REQUIREMENT —
Skip all pictures. Write out the data below from its first line through the line that contains "Στην αγορά των".

Data excerpts

=== Section Start ===

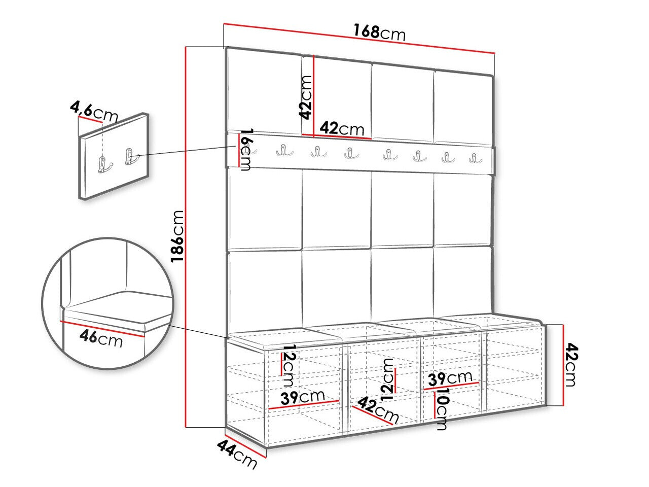 Skoskab dimensioner42 x 168 x 45.6 cm
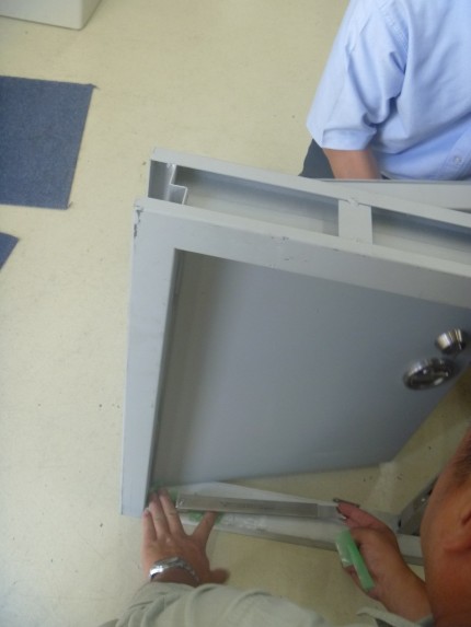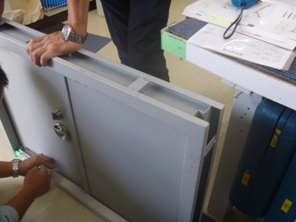 オーダー鉄製扉のステー・調整器 ベテラン営業マンとベテラン職人さんが念入りな打合せをして、商品を探します!吹田市
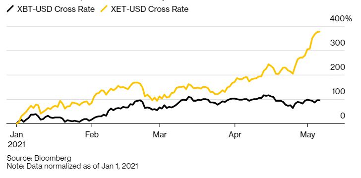 Στην αγορά των futures, ο όγκος του Ether πλησιάζει αυτόν των συμβολαίων Bitcoin, παρότι η αμερικανική εταιρεία παγκόσμιων αγορών CME Group Inc. ξεκίνησε συναλλαγές τον Φεβρουάριο του 2020.
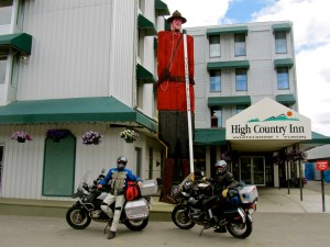 We finally arrived through yet more spectacular riding in Beaver Creek, Yukon. Abut 5 miles as the moose walks (yea, get it?) from Alaska, but about 25 from the border on the road. We settle on the place run by Pakistanis, and for some reason they’re inclined to keep the spartan cafeteria-like dining room at a balmy 87 degrees. And it smells really funny. So, we meander across the street where we then procede to be completely over-served by an evil temptress named Chanty (Shanty? Chandy?). Do NOT be fooled by that smile – just look at my droopy eyes, and you can see she’s proud of her work. I have mentioned the many dangers of the north – you can add this one to the list.
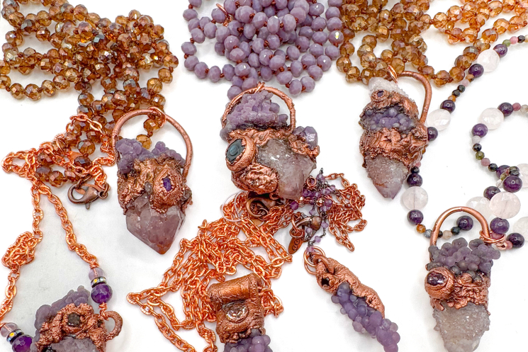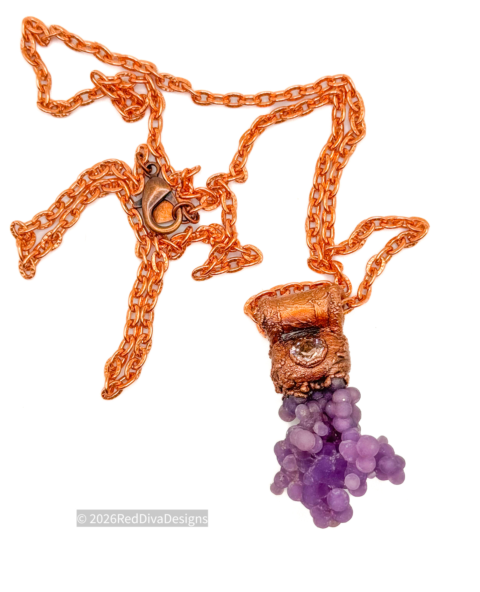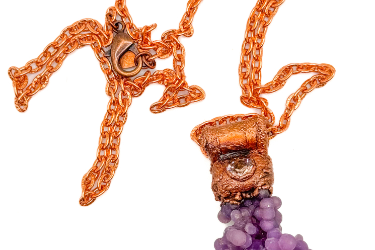 Grape Agate copper electroformed and finished on solid copper 26" long chain. Can be adjusted simply message me!
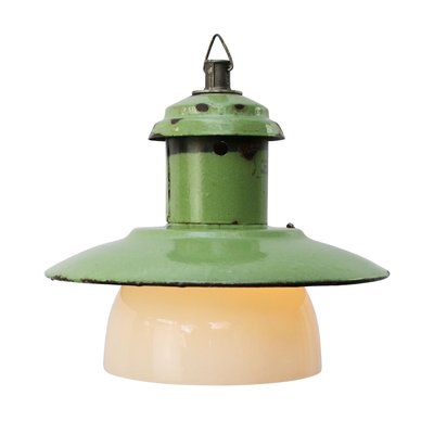 Mint Green Enamel Opaline Glass Industrial Ceiling Lamp 1950s For Sale At Pamono
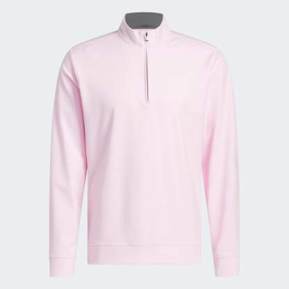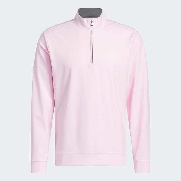 Made for year-round performance with clean, classic course style, this adidas golf quarter-zip top is a versatile layer for early mornings and cool days on any course. A stand-up collar seals in heat when zipped, and soft, stretchy interlock fabric lets you bend and twist without restriction.
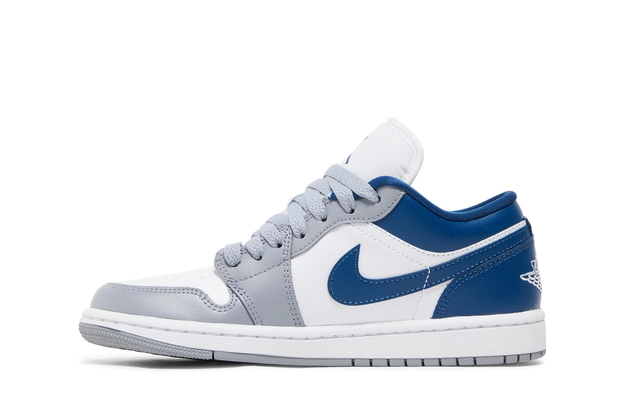 Step up your shoe game with the iconic Air Jordan 1 Low ‘French Blue’! This classic low-top sneaker features a white leather upper with contrasting blue and gray overlays and is finished off with an embroidered Wings logo on the heel. The snug fit provides comfort and support, while the encapsulated Air Sole cushioning in the heel ensures maximum shock absorption. With its timeless style, this shoe will never go out of fashion and will have you looking fresh all year long.

=== Section End ===

YOUR SOLUTION —
 Skoskab dimensioner42 x 168 x 45.6 cm
 オーダー鉄製扉のステー・調整器 ベテラン営業マンとベテラン職人さんが念入りな打合せをして、商品を探します!吹田市
 Στην αγορά των futures, ο όγκος του Ether πλησιάζει αυτόν των συμβολαίων Bitcoin, παρότι η αμερικανική εταιρεία παγκόσμιων αγορών CME Group Inc. ξεκίνησε συναλλαγές τον Φεβρουάριο του 2020.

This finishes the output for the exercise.